Although the absence of The World Trade Centre in the backdrop was eerie, Friends carried on, as New York did, refusing to give in to the tragedy of 9/11. It came to represent the hopeful time when we were young, the brief years of light between The Cold War and The War on Terror, and duly, for anyone who was sentient then, it is the most nostalgic show out there. Whether it be Rachel’s ’90s outfits, the side characters, or even the God-awful theme tune, for a lot of us, it’s the best portal back to our greener days, when all we did was look forward.

This does not make it good, though. Regardless of what it represents and the large rose-tinted spectacles with which you view it, Friends is a terrible TV show. 

For the most part, the characters are cringe-inducing, and in the post-MeToo world, Ross, in particular, is borderline repulsive. He’s a gaslighting manipulator that makes Rachel feel guilty for landing her dream job at Bloomingdale’s. In fact, many of the main characters are repugnant, and whilst you may posit that this is the point, which it could well be, then why do we love them all so with such blinkered vision? However, I digress, and that’s a story for a different day. 

We have to remember that first and foremost, Friends is a sitcom, and although it did the situation part fairly well, managing to keep its fans engaged for 236 of them, despite how ridiculous the majority are, it’s the comedy element which has always left me confounded. Of course, there are parts in which you can’t help but smile due, but these, on reflection, are very rare. The type of comedy it employs is stupid, obvious, and just not very funny. Although this is Friends‘ USP, it is genuinely astounding that people are more than happy to trawl through the whole thing and literally laugh at loud at Joey walking into a room. 

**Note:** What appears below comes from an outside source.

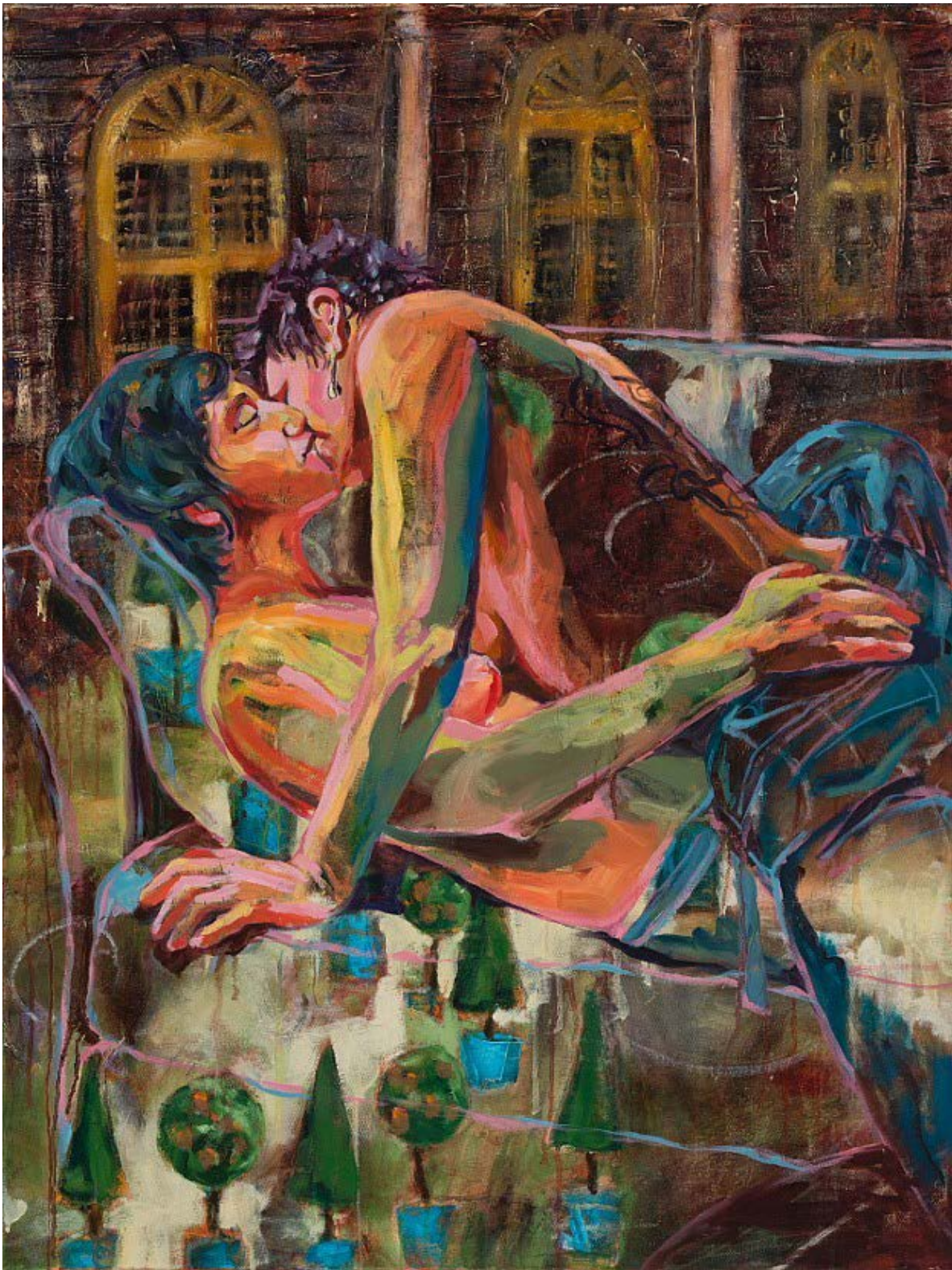
Lovers at L'Orangerie

From the hysterics produced from the moment Phoebe finds out about Monica and Chandler’s relationship by mistakenly catching them doing it at the window, or the group’s collective joke about Rachel’s eye problem, chiming in with quips such as “how much did I love The King and eye?”, there are many countless moments in friends that people guffaw at, that as an onlooker are truly mystifying. I do not want to sound like a curmudgeon, but it is a glaring truth that a ten-year-old could have written most of the jokes on Friends

I know it was en vogue at the time, but the canned laughter only makes the jokes worse. It’s as if you’re in a medical clinic with two attendants at either side, pulling your mouth apart to show your teeth in a grotesque manner like the painting of a clown in a funhouse.

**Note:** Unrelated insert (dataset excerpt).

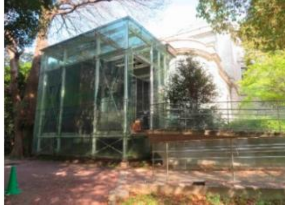
Figure 2a&b. Grand staircase at the front of Hyokeikan and glazed elevator at the back.

Objectively, there is nothing funny about Phoebe’s dumb songs or Joey saying, “How you doin’?” Compounding this is that much of the movement of the cast is incredibly forced, and the more you watch it, you realise just how sterile it is. There’s nothing natural about Friends, and it is as fake as the set it’s filmed on. Comedy is meant to be natural, not over-rehearsed nonsense.

Whilst you may be drawn in by the heavy dose of nostalgia that Friends delivers, do not be deceived into thinking that it is a good or even great TV show. As far as quality goes, it’s simply terrible.